**EXERCISE**
Could you restate every entry word for word, leaving the pictures out?
(Beginning of RECORDS SHOWN)
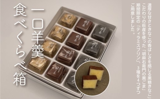 容量 | 雪花糖(干菓子)12個/一口羊羹3種(黒胡麻、黒糖、ティラミスプリン)各4個 計24個 |
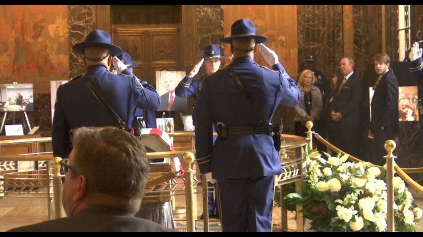 Inside the building, the rotunda was filled with family, state leaders and politicians of past and present.
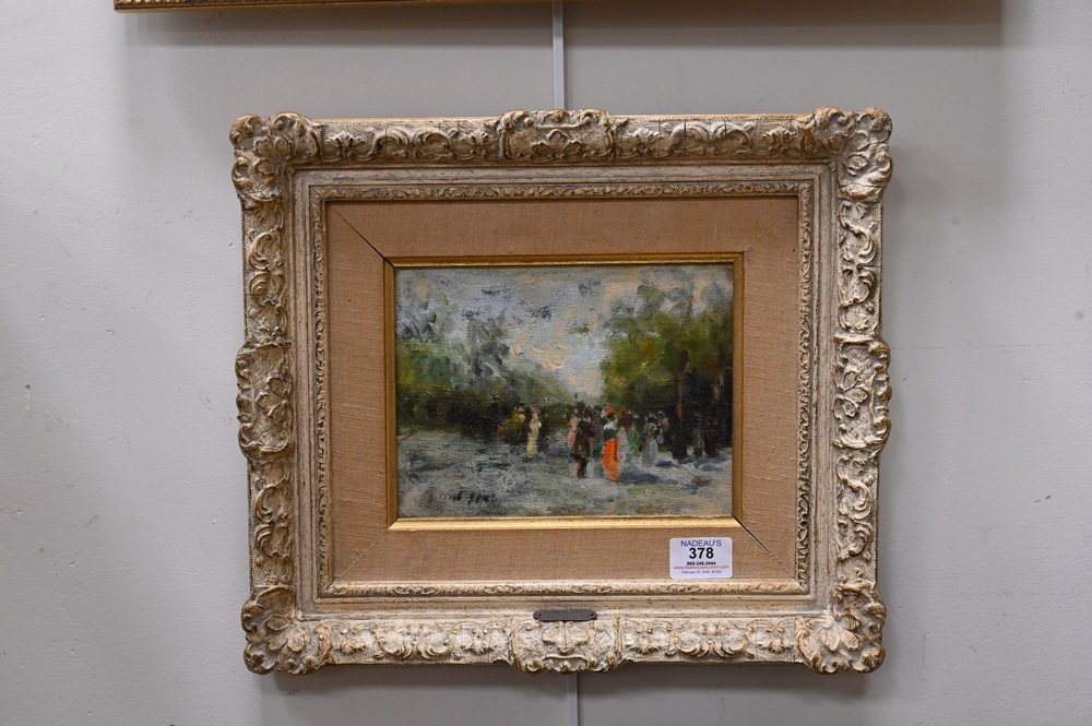 Gabriel Spat (1890 – 1967), “Pique-nique au bois de Boulogne” Paris, oil on canvas board, signed lower left, original label on back, Skinner number 217 tag on back, 6″x 8″.
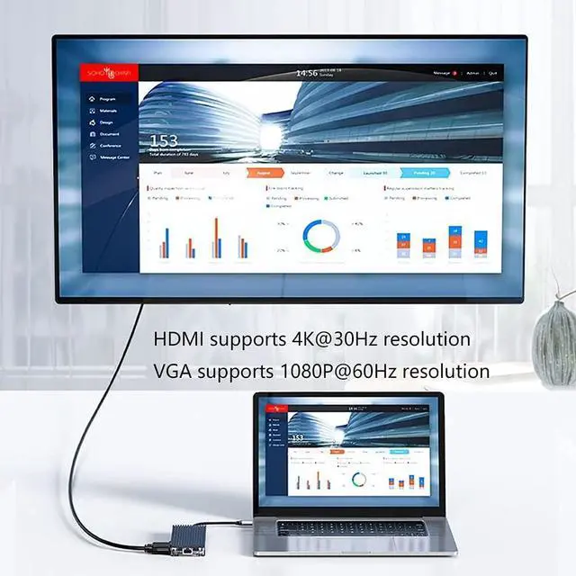Multi-Monitor Display: The HDMI port output up to 4K@30Hz resolution, VGA support 1080P@60Hz resolution.
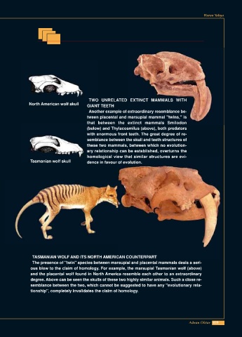 ous blow to the claim of homology. For example, the marsupial Tasmanian wolf (above)
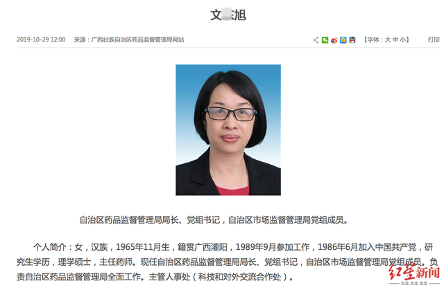 文某旭,图据广西壮族自治区药品监督管理局官网
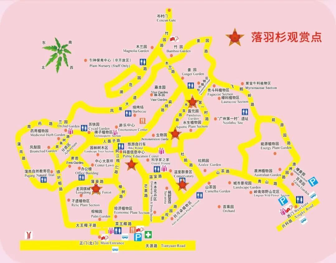 华南国家植物园黄叶、红叶观赏点:水生植物园两岸、露兜园、科普信息中心前三拱桥边、龙洞琪林、高山植物室室外、稀树草坪岸边
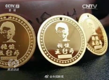 這就是五行幣,據(jù)說純金制造。一面是頭像,刻著張健五行幣字樣,下面有一組數(shù)字編號,另一面是些裝飾圖案,看起來并沒有什么神奇之處。怎么就能夠5000元買上一枚,一年就能達到400萬元呢?參與者們說,這五行幣可了不得,因為在這背后連帶著的是數(shù)字貨幣。
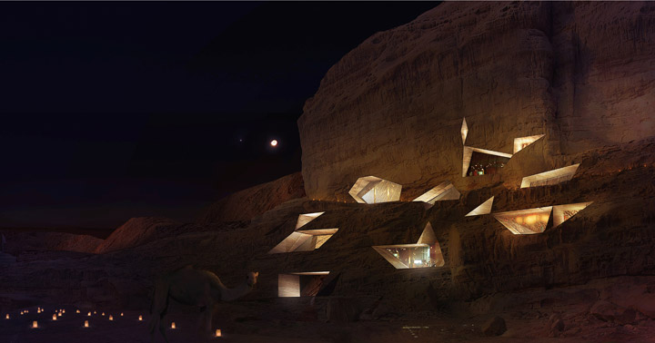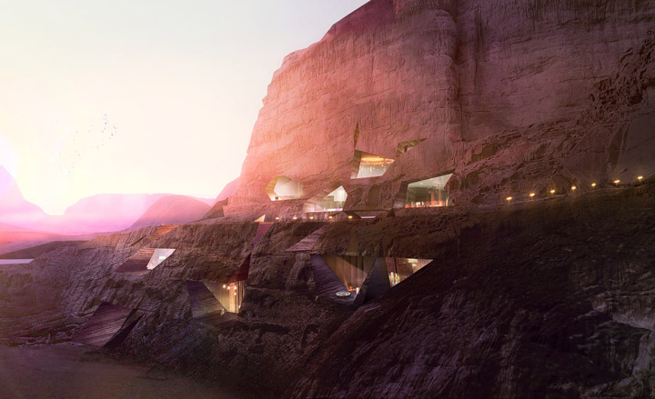 Chad Oppenheim’s design for an eco lodge in Jordan’s desert is absolutely breathtaking. Also called the Valley of the Moon, Wadi Rum resembles a martian landscape with its high red sandstone and granite walls.
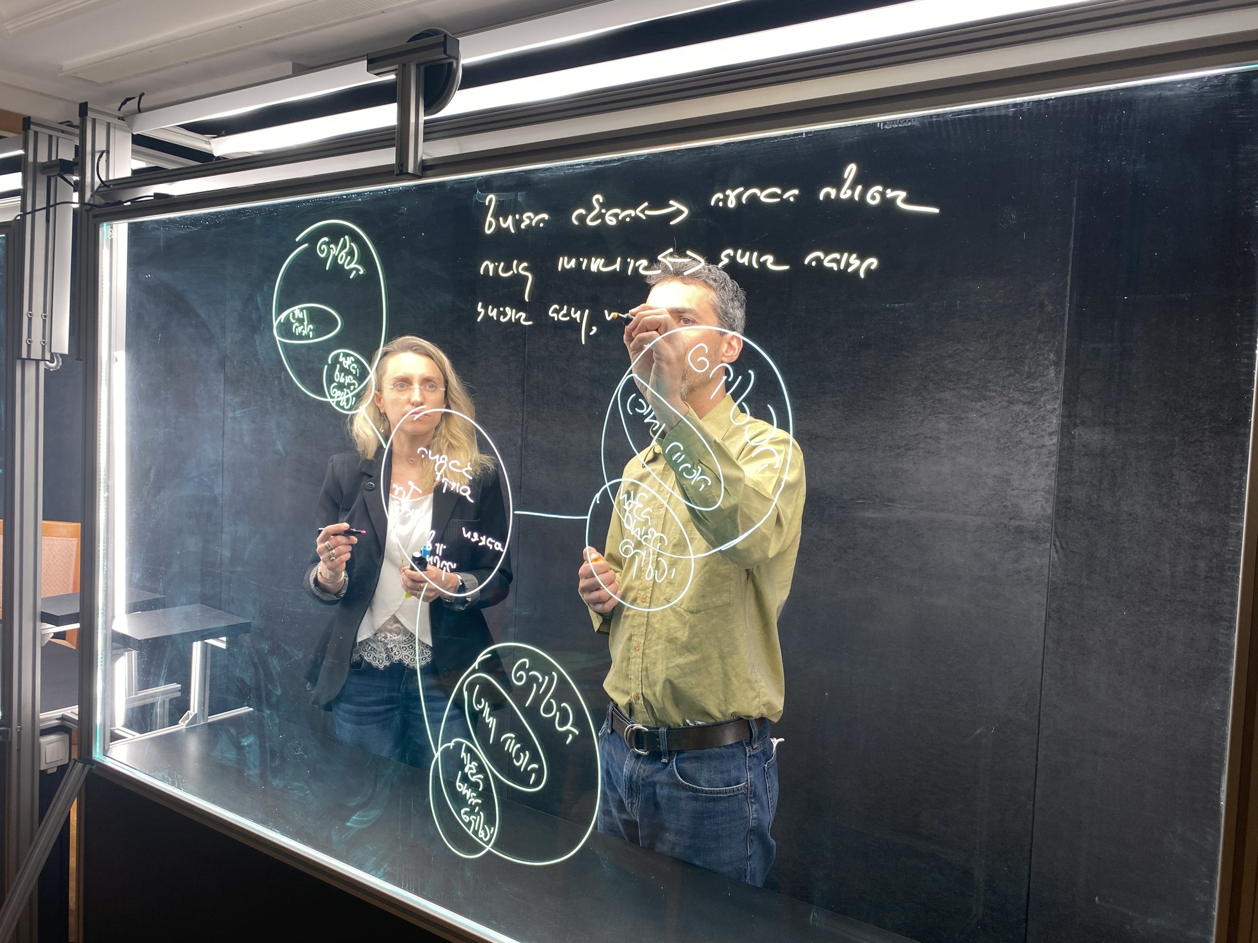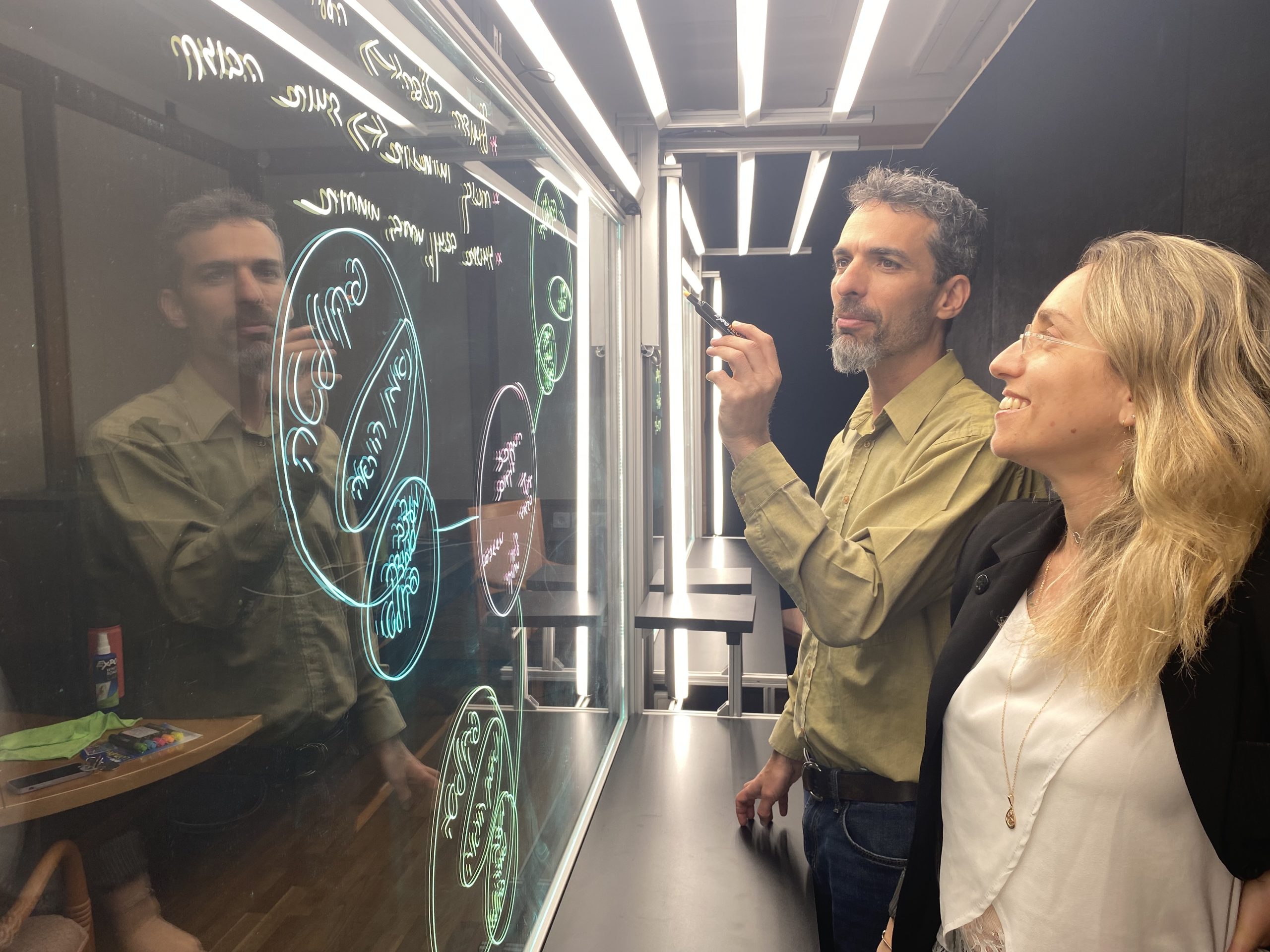 Prof. Ido Roll and Dr. Olga Chuntonov use an electronic light board to record a lecture
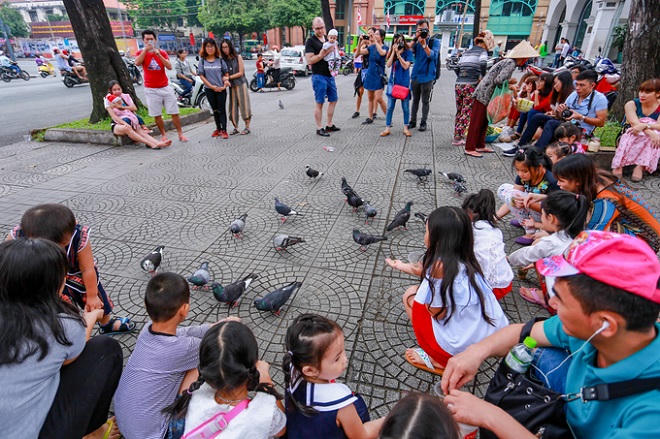 Vào dịp cuối tuần, đàn chim trở thành tâm điểm của người dân và khách tham quan. Nhiều phụ huynh đưa con em đến khu vực nhà thờ để chụp ảnh và cho đàn chim ăn.
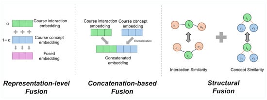 - Representation-level Fusion, where concept embeddings are combined with course embeddings to generate a new semantic representation used in prediction;
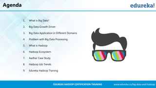 The document outlines Edureka's Hadoop certification training agenda, covering topics related to big data, its growth drivers, and applications across various domains. It discusses Hadoop as a solution for processing and storing large datasets, including its ecosystem and architecture, alongside a case study on the Aadhaar system in India. Additionally, it highlights trends and challenges in handling big data, along with job opportunities in the field.
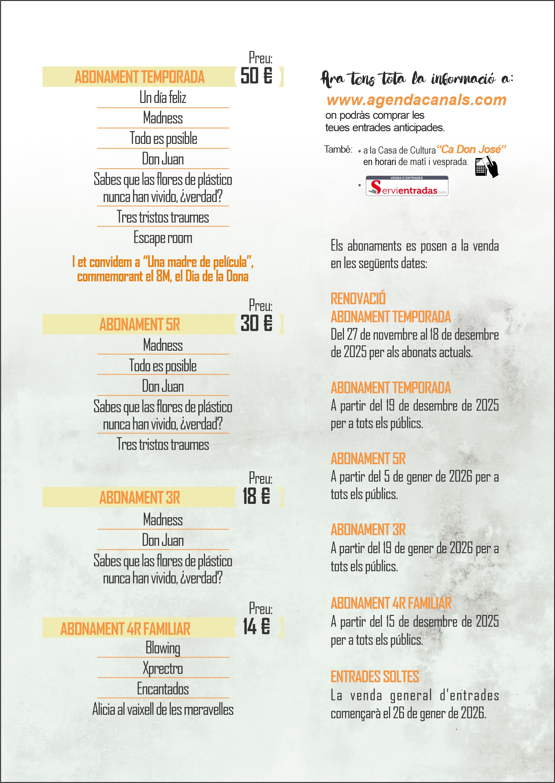 Podeu consultar la programació i els abonaments en els cartells o en la pàgina web www.agendacanals.com
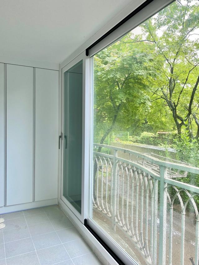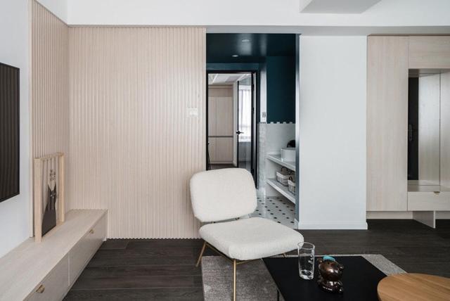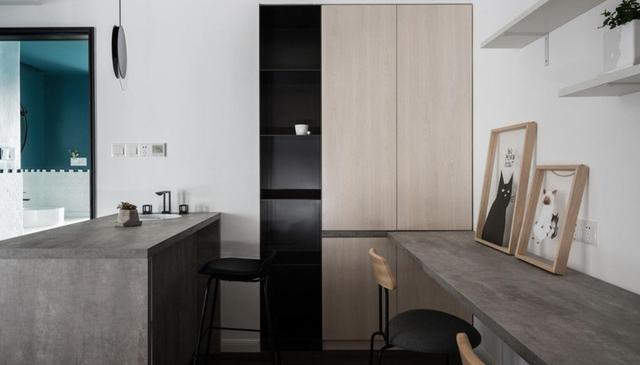 当取消家里的厨房之后,原位置则设计了两组储物柜,一组到顶并做封闭式,可以解决杂物及衣物的收纳需求。另一组则是以定制的方式,做了一个玻璃展示柜,以收纳屋主心爱的手办。当然,该展示柜不做到顶,也是为了避开顶部的空调进出风口。而外面的小阳台,则是在配置一组储物柜后,以休闲区来定位的,从而为空间延伸出了一块阅读角落。
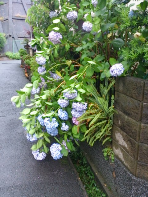 近所の紫陽花も開花しまくりで、重すぎで下方向に
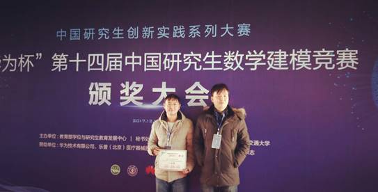 12月16日,“华为杯”第十四届中国研究生数学建模竞赛颁奖大会在西安交通大学举行。我校参赛队在本次比赛中荣获全国一等奖1项,二等奖1项,实现了此次赛事全国获奖零的突破。全国一等奖参赛队指导教师——机械工程学院汪超老师和参赛队长2016级机械工程专业硕士研究生舒军勇同学参加了颁奖大会。
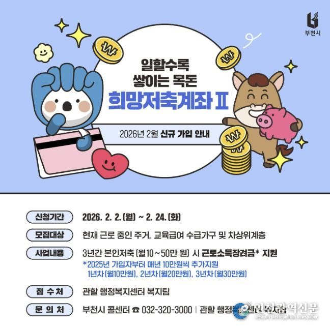 [인천광역신문] 관리자 기자 | 부천시는 근로 중인 주거․ 교육급여 수급 가구와 차상위계층의 자산 형성과 자립을 지원하기 위해 ‘2026년 희망저축계좌(Ⅱ)’ 신규 가입자를 오는 2월 2일부터 24일까지 모집한다고 30일 밝혔다.
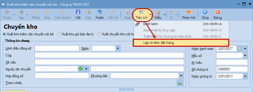 Bước 1. Khi khai báo mới một chứng từ chuyển kho, vào Tiện ích\Lập từ đơn đặt hàng.
(End of RECORDS SHOWN)
**ANSWER TO THE PROBLEM**
 容量 | 雪花糖(干菓子)12個/一口羊羹3種(黒胡麻、黒糖、ティラミスプリン)各4個 計24個 |
 Inside the building, the rotunda was filled with family, state leaders and politicians of past and present.
 Gabriel Spat (1890 – 1967), “Pique-nique au bois de Boulogne” Paris, oil on canvas board, signed lower left, original label on back, Skinner number 217 tag on back, 6″x 8″.
Multi-Monitor Display: The HDMI port output up to 4K@30Hz resolution, VGA support 1080P@60Hz resolution.
 ous blow to the claim of homology. For example, the marsupial Tasmanian wolf (above)
 文某旭,图据广西壮族自治区药品监督管理局官网
 华南国家植物园黄叶、红叶观赏点:水生植物园两岸、露兜园、科普信息中心前三拱桥边、龙洞琪林、高山植物室室外、稀树草坪岸边
 這就是五行幣,據(jù)說純金制造。一面是頭像,刻著張健五行幣字樣,下面有一組數(shù)字編號,另一面是些裝飾圖案,看起來并沒有什么神奇之處。怎么就能夠5000元買上一枚,一年就能達到400萬元呢?參與者們說,這五行幣可了不得,因為在這背后連帶著的是數(shù)字貨幣。
 Chad Oppenheim’s design for an eco lodge in Jordan’s desert is absolutely breathtaking. Also called the Valley of the Moon, Wadi Rum resembles a martian landscape with its high red sandstone and granite walls.
 Prof. Ido Roll and Dr. Olga Chuntonov use an electronic light board to record a lecture
 Vào dịp cuối tuần, đàn chim trở thành tâm điểm của người dân và khách tham quan. Nhiều phụ huynh đưa con em đến khu vực nhà thờ để chụp ảnh và cho đàn chim ăn.
 - Representation-level Fusion, where concept embeddings are combined with course embeddings to generate a new semantic representation used in prediction;
 The document outlines Edureka's Hadoop certification training agenda, covering topics related to big data, its growth drivers, and applications across various domains. It discusses Hadoop as a solution for processing and storing large datasets, including its ecosystem and architecture, alongside a case study on the Aadhaar system in India. Additionally, it highlights trends and challenges in handling big data, along with job opportunities in the field.
 Podeu consultar la programació i els abonaments en els cartells o en la pàgina web www.agendacanals.com
 当取消家里的厨房之后,原位置则设计了两组储物柜,一组到顶并做封闭式,可以解决杂物及衣物的收纳需求。另一组则是以定制的方式,做了一个玻璃展示柜,以收纳屋主心爱的手办。当然,该展示柜不做到顶,也是为了避开顶部的空调进出风口。而外面的小阳台,则是在配置一组储物柜后,以休闲区来定位的,从而为空间延伸出了一块阅读角落。
 近所の紫陽花も開花しまくりで、重すぎで下方向に
 12月16日,“华为杯”第十四届中国研究生数学建模竞赛颁奖大会在西安交通大学举行。我校参赛队在本次比赛中荣获全国一等奖1项,二等奖1项,实现了此次赛事全国获奖零的突破。全国一等奖参赛队指导教师——机械工程学院汪超老师和参赛队长2016级机械工程专业硕士研究生舒军勇同学参加了颁奖大会。
 [인천광역신문] 관리자 기자 | 부천시는 근로 중인 주거․ 교육급여 수급 가구와 차상위계층의 자산 형성과 자립을 지원하기 위해 ‘2026년 희망저축계좌(Ⅱ)’ 신규 가입자를 오는 2월 2일부터 24일까지 모집한다고 30일 밝혔다.
 Bước 1. Khi khai báo mới một chứng từ chuyển kho, vào Tiện ích\Lập từ đơn đặt hàng.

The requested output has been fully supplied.